Grab that popcorn and let’s get started!
MOTHER OF FLIES
Written and Directed by John Adams, Zelda Adams and Toby Poser (The Adams Family)
MOTHER OF FLIES took home Fantasia’s top honor, the Cheval Noir Award for Best Film, the first feature from the United States to win Fantasia’s Cheval Noir Award for Best Film in the festival’s 29-year history.
The film is a haunting, poetic look at death, and a project that hit close to home to The Adams Family and their own experiences battling and surviving cancer.
Shaken to her core after being diagnosed with cancer, young Mickey (Zelda Adams) turns to necromancy to heal herself after conventional medicine fails to help.
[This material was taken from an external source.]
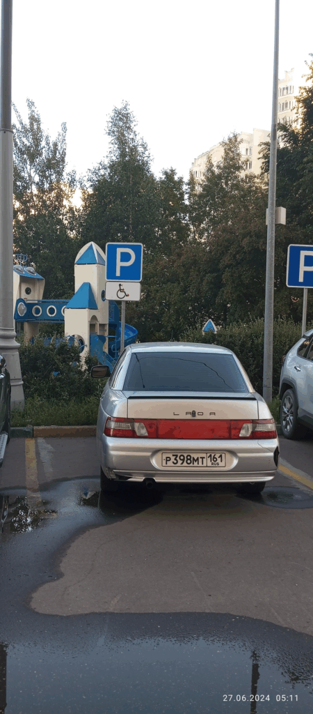 26.06.2024. в 05 ч. 11 м., по адресу г. Москва, ул. Загорьевская, д. 25, автомобиль Лада серого цвета, номерной знак Р398МТ161, был припаркован на парковочном месте инвалидов.

Her father, Jake (John Adams), is skeptical but his skepticism takes a backseat to support his daughter’s decision.
Solveig (Toby Poser), a witch in the Catskill Mountain forests, guides Mickey through a journey of discovery, ritual, and blood. But what Mickey doesn’t know is Solveig’s past and her relationship with death.
The cinematography is beautiful and the soundtrack only heightens the experience that Mickey goes through with Solvieg.
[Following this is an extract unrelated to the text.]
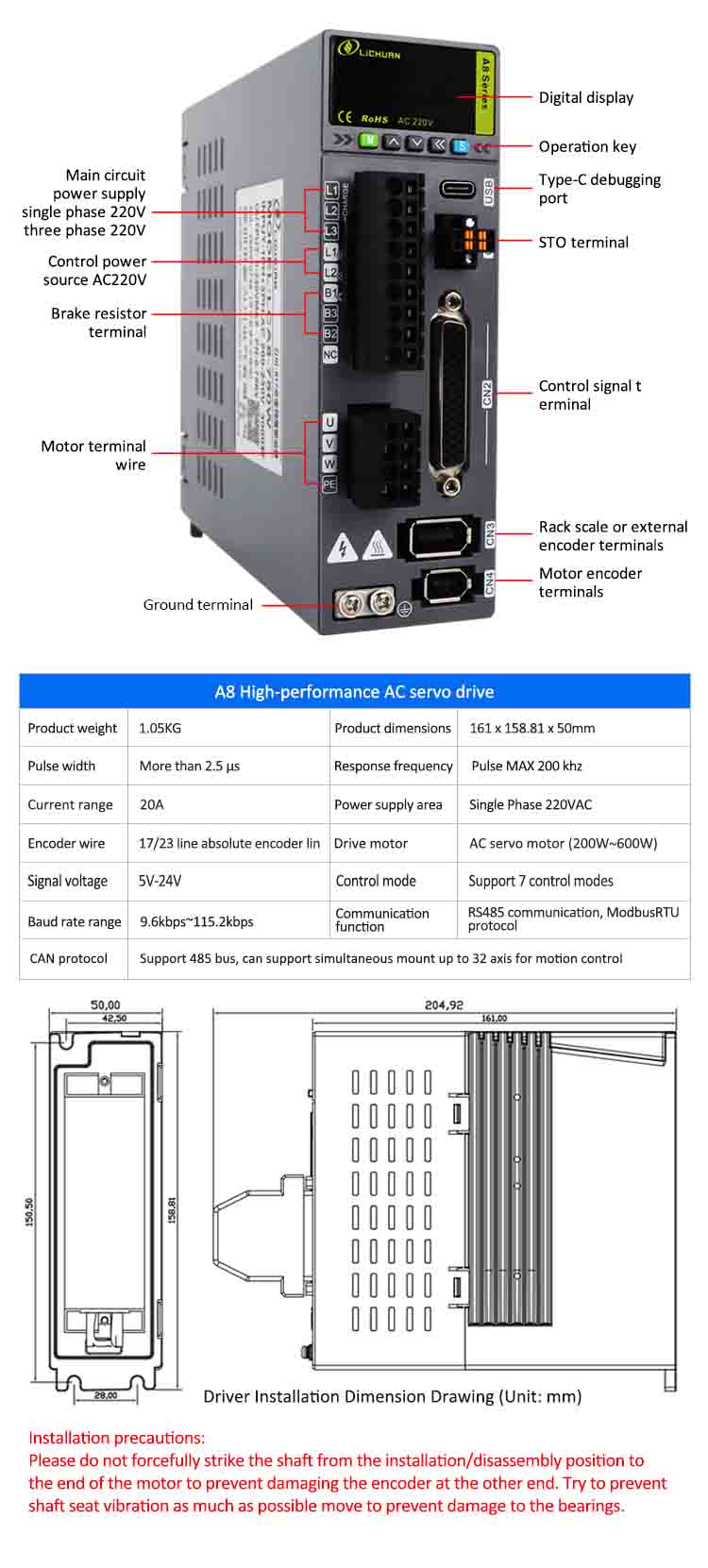 LeKit de pilotes de servomoteur AC STO ABZ Lichuan A8 haute précisionest conçu pourcontrôle de mouvement précis, stable et sûrdans les machines industrielles de petite et moyenne taille.

Solveig’s rituals aren’t for the weak in the stomach and may be a bit triggering for some.
Additionally, the film purposefully shows and tells the parallels between witchcraft and religion.
With the line “One day to die, three days to rise,” many with think of Jesus Christ’s resurrection, when it happens to be the general rule for necromancy. As Solveig’s past gets revealed over the course of the film, religion’s hypocrisy is sharp and poignant.
MOTHER OF FLIES is a film that will hit hard for some viewers; others may not enjoy the folk horror aspect and want something more.
But MOTHER OF FLIES is a stunning feat of storytelling.
Shudder picked up MOTHER OF FLIES so watch for its upcoming release.
The Adams Family also provided Fantasia viewers with a personal note about MOTHER OF FLIES, and it just goes to show how much devotion goes into these indie projects.
FILMMAKERS’ NOTE
The human body has a habit of dying — too soon, too late, often painfully.
As a family whose personal narratives serve as fuel for our imaginations, it was only a matter of time when we faced our stark history - every family’s history, really - with cancer. Beyond the visual conversation about life, death, and the transformative (and sometimes dangerous) powers of belief systems, this film is a bold middle finger raised at our own ugly experiences; to transform pain into something new, resurgent, alive - and yet, inevitably, still brutal.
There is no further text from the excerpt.